7.4 The Audit and Risk Committee reviews the Corporate Risk Register, and the actions taken to mitigate risks, on a quarterly basis. The Chair of the Audit and Risk Committee provides quarterly updates and an annual report to the Board of Trustees on the effectiveness of risk management.
8. Breach of the Policy
8.1 Actions taken by staff in contravention of the Gallery’s stated policies and/or procedures may be treated as a disciplinary offence, to be dealt with in accordance with the Gallery’s Disciplinary
9. Policy Review
9.1 The Gallery’s Risk Appetite should be reviewed annually and the Policy will be monitored as part of the Gallery’s annual internal review and reviewed every three years or as required by legislature changes.
Policy author: CFO
Date of last review: February 2024
Date of next review: February 2027
Approved by the Board of Trustees
Appendix 1: Risk Tolerance
Trustees encourage the taking of controlled risks, the pursuit of new opportunities and the use of innovative approaches to further the interests of the Gallery and achieve its objectives, provided the resultant exposures are within the Gallery’s risk tolerance range.

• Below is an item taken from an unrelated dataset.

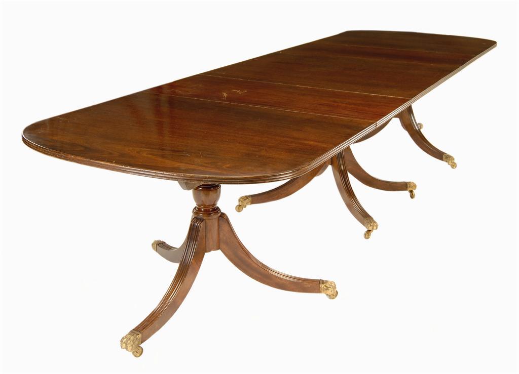A mahogany triple pillar dining table in George III style, the reeded edge detachable top with two additional leaves, on baluster turned stems, downswept moulded legs, brass paw sabots and castors, first half 20th century, 29.5in (74.6cm) h, 43.5in (110.7cm) w, 143.5in (364.5cm) l.

An organisation’s risk tolerance or risk appetite is the amount of risk it is prepared to tolerate in a particular circumstance. Risks for which there is a low risk appetite require a level of control that results in a low risk score once action has been taken to manage the risk.

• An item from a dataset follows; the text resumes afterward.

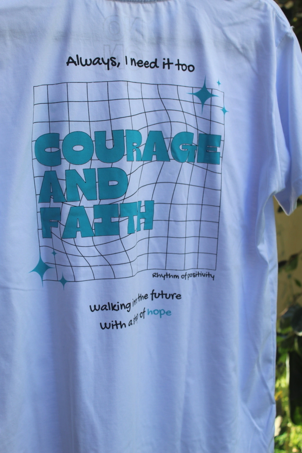 Na estampa das costas temos uma ilustração que traz referências futurísticas com toques fofos trazendo trechos importantes da letra de future, como o refrão: Always, I need It too. Em letras azuis e com maior destaque as palavras que são fundamentais tanto na letra quanto na nossa vida ao olhar e pensar no futuro: coragem e fé. Seguido logo após o quadrado de destaque expressão ritmo da positividade.

Trustees have agreed a risk appetite framework for various areas of the Gallery’s operations as follows, (generally any activity arising out of our statutory obligations will have a low risk appetite):
|The Gallery is has a low risk appetite to risk although in the short term it is recognised that the Gallery is taking a medium level of financial risk during the Inspiring People project in order to increase self-generated income and secure long-term financial security. The Gallery will aim to achieve a low level of risk in the future by having balanced budgets, in year contingency and meeting the reserves policy.

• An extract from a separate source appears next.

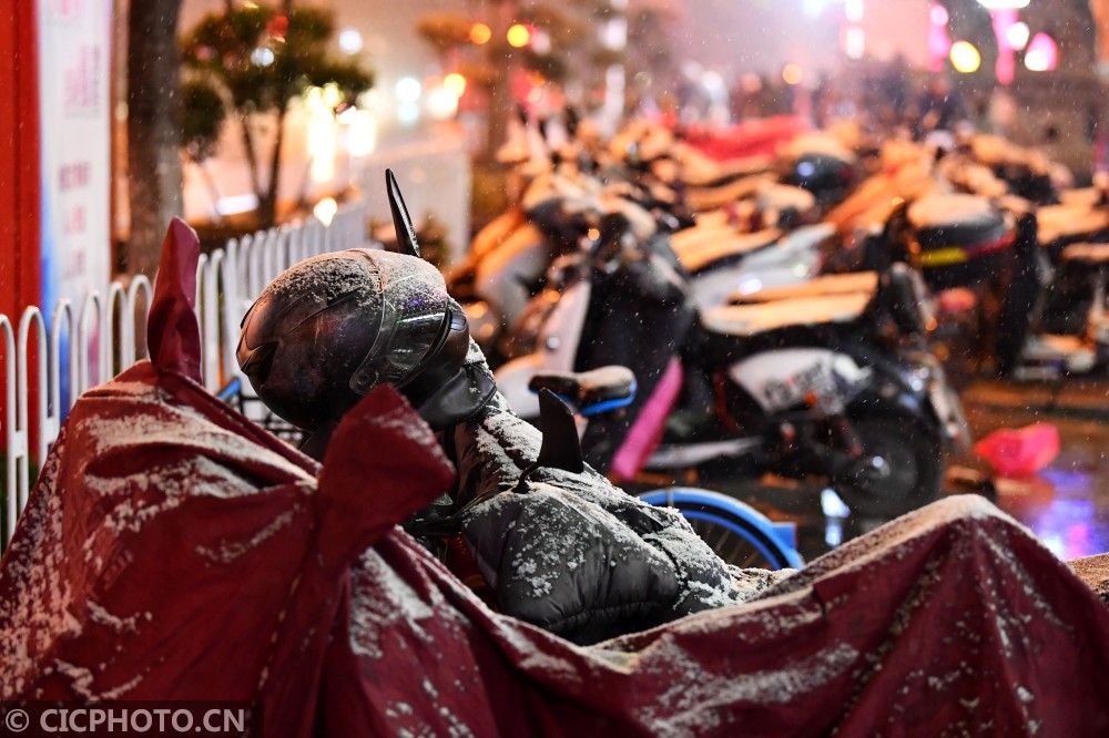 ↑2020年11月21日,甘肃省天水市,雪花落在路边的摩托车上。CICPHOTO/周文涛 摄

|The Gallery has a low risk appetite in relation to liquidity and has a policy to pay debts when they fall due and to have adequate cash balances to cover two months of operational expenditure.
|The Gallery places great importance on compliance and has no appetite for any breaches in statute, regulation, professional standards, health and safety, bribery or fraud and therefore has a low appetite for risk.
|It is regarded as critical that the Gallery protects its reputation. The Gallery therefore has a low risk appetite for any activities that put its reputation in jeopardy, could lead to undue adverse publicity and could lead to loss of confidence from its funders and supporters.
|The Gallery wishes to be a leader in knowledge, ideas and innovation and recognises that this may require a higher level of risk. The Gallery is comfortable in accepting this risk, subject to understanding the risks and benefits are fully understood at the beginning of projects.
|The Gallery has a low risk appetite on cyber security. The Gallery must have confidence in the confidentiality, integrity and availability of their data. Any personal data collected, stored and processed by public bodies are also subject to specific legal and regulatory requirements. Cyber incidents pose an increasing threat to the Gallery’s management of their information, with hacking, ransomware, cyber fraud and accidental information losses all evident throughout the public sector. Cyber security is a Gallery wide responsibility.
|The Gallery has a low risk appetite on sustainability. The Gallery must balance the actions it takes in all areas with climate responsibility.
Any risk which is assessed as being higher than the associated risk appetite, once action has been taken to manage them, would need to be examined to see if the controls could be strengthened to reduce the risk to within the risk appetite.